The correct term is "precess," and they do it only if excited. When sitting in a static B0 field, the spins are simply aligned or anti-aligned with B0 (in the simple classical picture).anorred said:I'm pretty sure I get the basics of NMR, but I'm trying to learn, so please be patient.
From what I understand, when an individual is placed in an MRI machine, the nuclei of atoms in his or her body with an odd number of protons align with the B0 field. My understanding is that these nuclei "spin" at a speed that is related to how strong the B0 field is.
Please use the term "oscillatory" or "rotating", because the word "fluctuations" typically refers to random variations.anorred said:If the fluctuating B1 field
No, again spin is an intrinsic property of the nucleus. You mean that the B1 frequency matches the Larmor or precession frequency.anorred said:matches this spin speed,
precessanorred said:the magnetic poles of a small percent of these atoms spins
Yes, only the CP component matching the precession sense will couple to the spin system.anorred said:at an increasing angle away from the axis parallel to the B0 field. I didn't know the B1 field NEEDS to be circularly polarized, but that makes sense.
They don't snap, but rather relax exponentiallyanorred said:Once the B1 field is turned off, the nuclei of the atoms snap back
not exactly, they don't release anything. They induce in the pickup coil an oscillating EMF at the Larmor frequency that is exponentially damped according to the relaxation rates.anorred said:and release a pulsating field relating to how they "relax."
As I mentioned, the transit or excitation time is proportional to the strength of the applied B1 field. 1 ms is a typical value used in MRI. Relaxation times depend entirely on the material being examined. In MRI, hydrogen atoms (protons), primarily in water, are imaged. Purified water has a relaxation time of many seconds, and cerebral spinal fluid is also very long. Water in bones is surrounded by a solid matrix with strong dissipation mechanisms, so relaxation is very short. I forget actual values but you can look them up easily.anorred said:Electrons are the target particle in ESR and not NMR.. so I guess I was generalizing when I mentioned electrons.
Do I understand it alright or am I completely off?
My question is how fast a typical "transit time" is compared to the "returning" time. I'm not a physicist, but I'm an inventor and I only want to fill my head with the basics so sorry if I sound dumb! I'm new to this.
MRI excitation time refers to the time it takes for the hydrogen atoms in the body to be aligned in a specific direction by a magnetic field. This is a necessary step in the MRI process to produce images. On the other hand, relaxation time refers to the time it takes for the hydrogen atoms to return to their original alignment after being excited. This process is what creates the actual signal used to create the MRI image.
MRI excitation time is important because it determines the contrast and resolution of the resulting image. A longer excitation time can result in a higher signal-to-noise ratio and clearer images, while a shorter excitation time can lead to lower quality images with less contrast.

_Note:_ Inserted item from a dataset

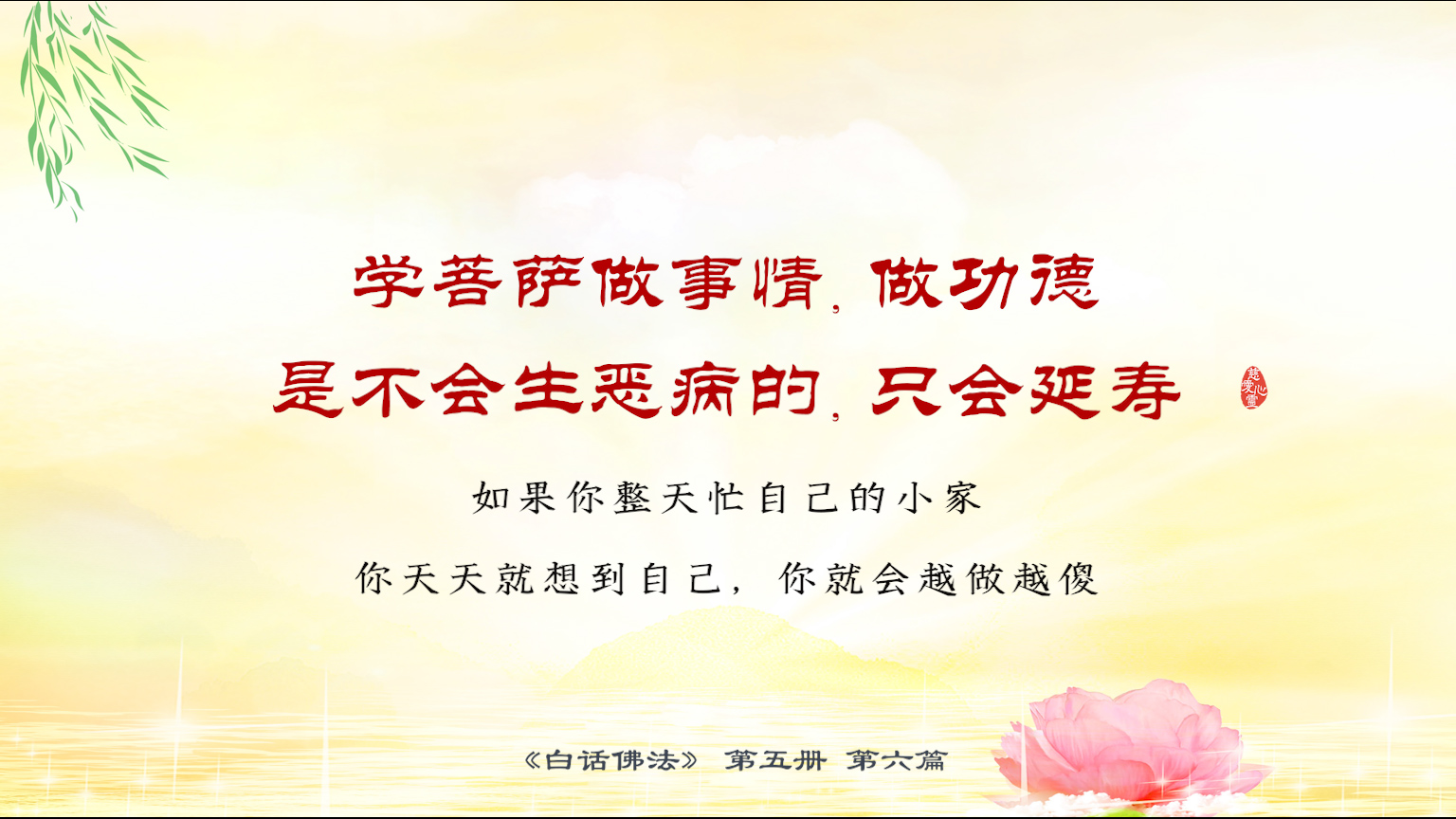 不限会员 5-6-26 学菩萨做事情,做功德,是不会生恶病的,只会延寿。如果你整天忙自己的小家,你天天就想到自己,你就会越做越傻.【图】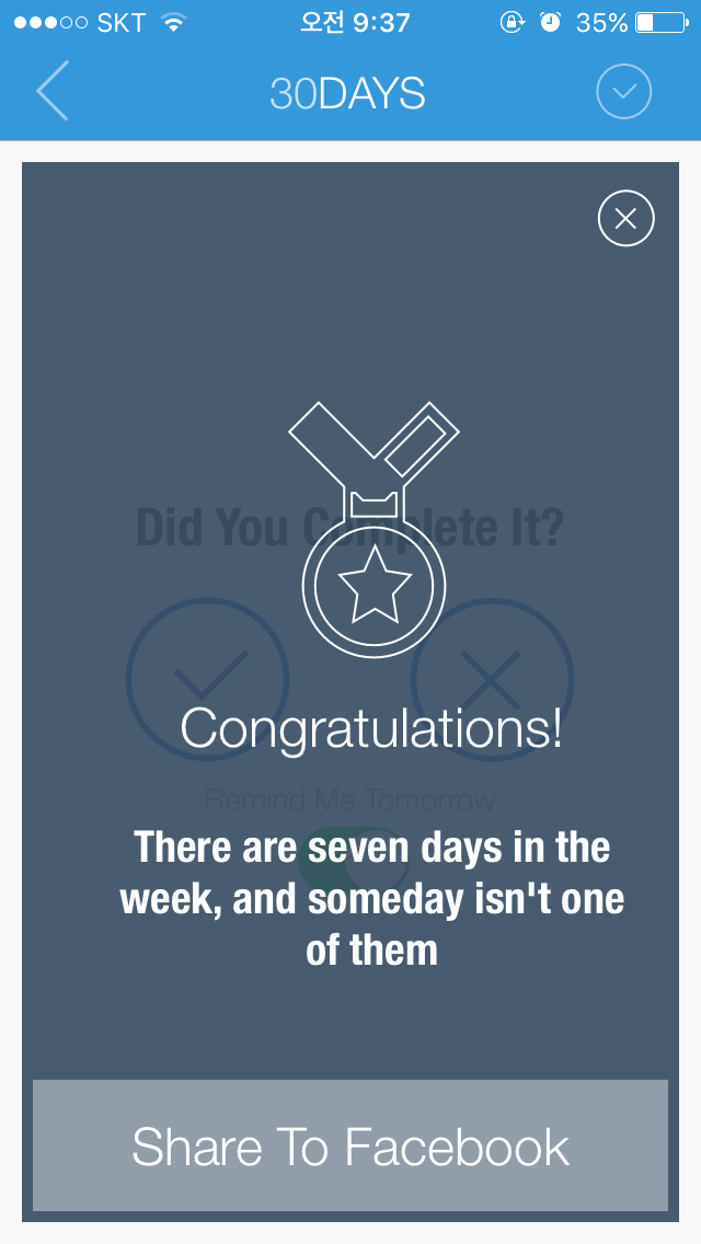 2일차 끝내고 확인 누르니 이런 화면이 뙇!

MRI excitation time is primarily controlled by adjusting the strength and duration of the magnetic field used in the MRI scanner. The strength of the magnetic field determines the amount of energy needed to excite the hydrogen atoms, while the duration of the field determines how long the atoms remain excited before returning to their original alignment.
There are several factors that can affect MRI relaxation time, including the type of tissue being imaged, the strength of the magnetic field, and the presence of any contrast agents. Additionally, certain diseases or conditions can also affect relaxation time, leading to changes in the resulting image.
Yes, MRI excitation time and relaxation time can be adjusted to improve image quality. For example, longer excitation times can result in clearer images, while shorter relaxation times can help to reduce motion artifacts. Additionally, the use of contrast agents can also help to improve image quality by altering relaxation times and enhancing contrast between different tissues.